Extended $D=3$ Bargmann supergravity from a Lie algebra expansion

TL;DR

The paper demonstrates that Lie algebra expansions provide a straightforward route to the extended Bargmann superalgebra and its three-dimensional Chern-Simons action by expanding from $D=3$, $\\mathcal{N}=2$ Poincaré supergravity. The method is applied first to the bosonic Poincaré algebra to recover the extended Bargmann (Galilei) structure, then extended to the full $D=3$, $\\mathcal{N}=2$ case to obtain the supersymmetric extension with a corresponding CS action. Key results include the explicit construction of the expanded algebra, its dual commutators, and the $\\lambda^2$-term of the expanded action, which reproduces the action studied in Bergshoeff et al.

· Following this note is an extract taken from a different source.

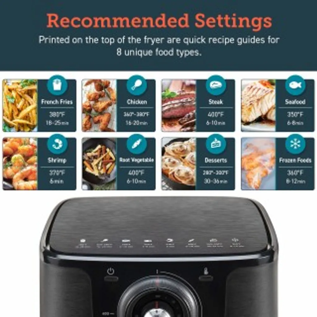 Genießen Sie Ihre Lieblingsspeisen mit 30 Rezepten für jede Mahlzeit. Die 8 Schnellrezepte auf der Oberseite der Heißluftfritteuse erleichtern und beschleunigen das Kochen.

BR:16. The approach highlights a systematic, algebraic route to non-relativistic supergravity in $D=3$, with potential extensions to higher dimensions and connections to FDAs and Carroll-type theories.

Abstract

In this paper we show how the method of Lie algebra expansions may be used to obtain, in a simple way, both the extended Bargmann Lie superalgebra and the Chern-Simons action associated to it in three dimensions, starting from $D=3$, $\mathcal{N}=2$ superPoincaré and its corresponding Chern-Simons supergravity.